July 10, 2025
Headline Patrol: Three Headlines, Two “Breakthroughs,” All Clinical Upsides
Sam Maddox
Here are three recent headlines on SCI research, two of which are labeled as ‘breakthroughs’. Each appears to have a clinical upside, let’s dig in.
Here’s a very creditable clinical result reported in May from the University of Texas (UT) at Dallas for closed-loop vagus nerve stimulation (CLV). The trial included rehab and saw hand recovery in 19 individuals with chronic, incomplete cervical injuries. A small device is attached to the vagus nerve (near the collarbone); high intensity stim is timed with real-time specific repetitive hand task movements while playing simple video games over 36 therapy sessions.
Investigators reported significant increases in pinch force, wrist torque (e.g., ability to turn a doorknob), speed, range of motion, and overall scores on a hand function grading scale called GRASSP – including on the untrained arm.
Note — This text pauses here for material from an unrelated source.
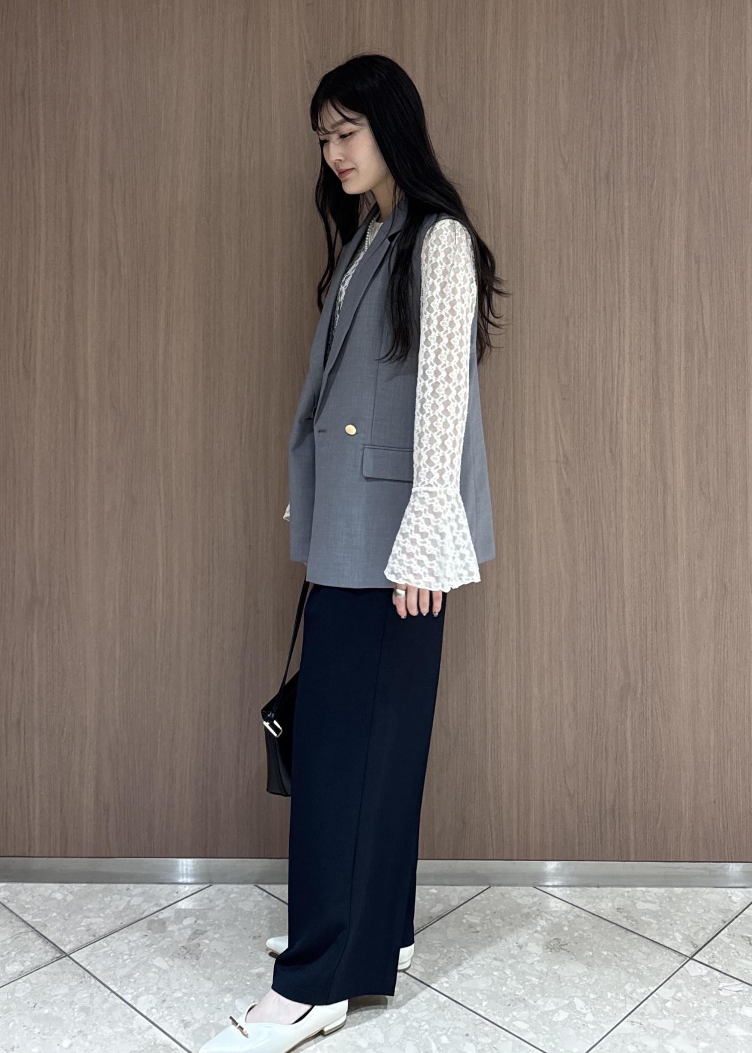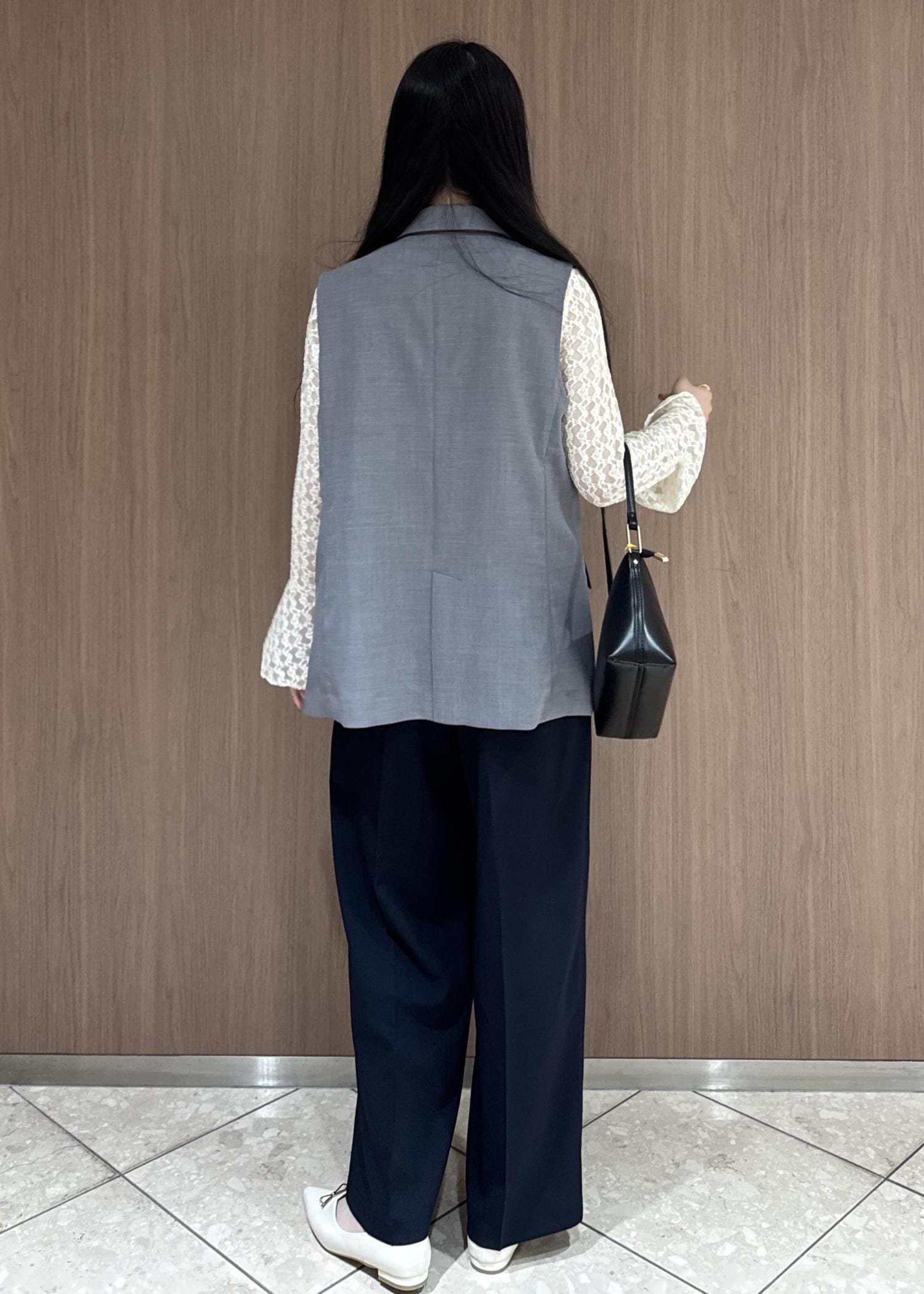 パンツとセットアップ対応ですが、色味を変えるとカジュアルぽく仕上がりおすすめです。
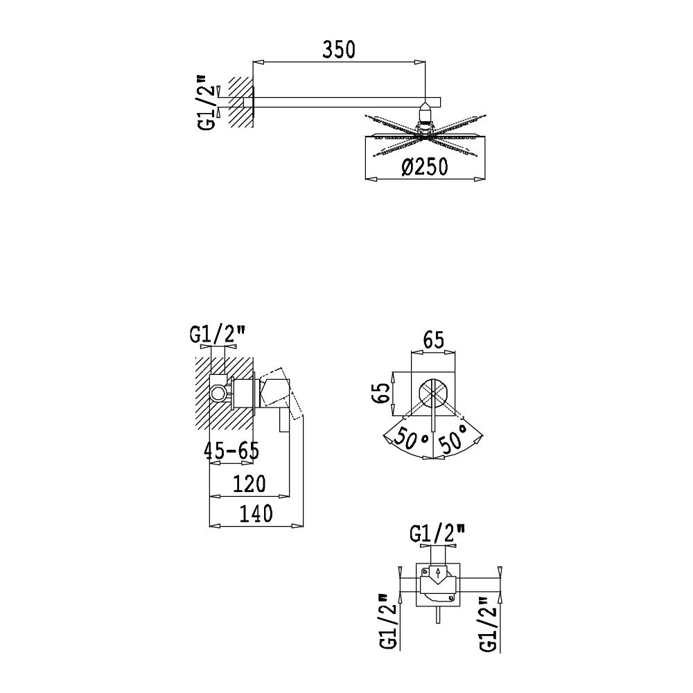 Bruma Breeze Zestaw natryskowy 250 mm podtynkowy z ramieniem ściennym chrom 1687661CR

Said the study team, “This improvement exceeds the preregistered outcome and casts doubt on the long-held notion that additional gains are not possible in people with traumatic SCI more than 1 year post-injury.”
From the group’s publication in Nature on what’s happening:
. . . . (earlier VN) studies have revealed that the combination of high-intensity rehabilitative training with real-time VNS produces synaptic plasticity in motor control networks in the cortex, subcortical structures and spinal cord to engender functional recovery that is not possible with training alone. Concurrent implementation is a key component, as decoupling the delivery of VNS by even tens of seconds from the appropriate movements fails to promote recovery, consistent with the reliance on the synaptic eligibility trace. Moreover, efficacy is dependent on hundreds of VNS–movement pairings per day for many weeks.
Figures 1a and 1b, from the article by Kilgard, M.P., Epperson, J.D., Adehunoluwa, E.A. et al. Closed-loop vagus nerve stimulation aids recovery from spinal cord injury. Nature (2025). https://doi.org/10.1038/s41586-025-09028-5
In 2021, the UT group got FDA approval for vagus stimulation for stroke; the stim, they said, could rewire brain function when accompanied with physical therapy.
Michael Kilgard, corresponding author for both the stroke study and the recent SCI work and professor of neuroscience in the UT School of Behavioral and Brain Sciences, explained that treating SCI is not the same:
“In stroke, people who do only therapy may get better, and adding CLV multiplies that improvement. This study is different: Therapy alone for spinal cord injury didn’t help our participants at all. It is truly groundbreaking that we’re creating a gain where there otherwise would be none.”
The positive results now permit the UT scientists to proceed with a larger pivotal trial, enrolling 70 participants at multiple sites.
Dr. Seth Hays, associate professor of bioengineering and co-author of the study, noted that while these results are promising, the path to widespread clinical availability still faces challenges.
"We still have a long road ahead. For many reasons — financial, regulatory or scientific — this could still die on the vine," he said. "But we have positioned ourselves to succeed."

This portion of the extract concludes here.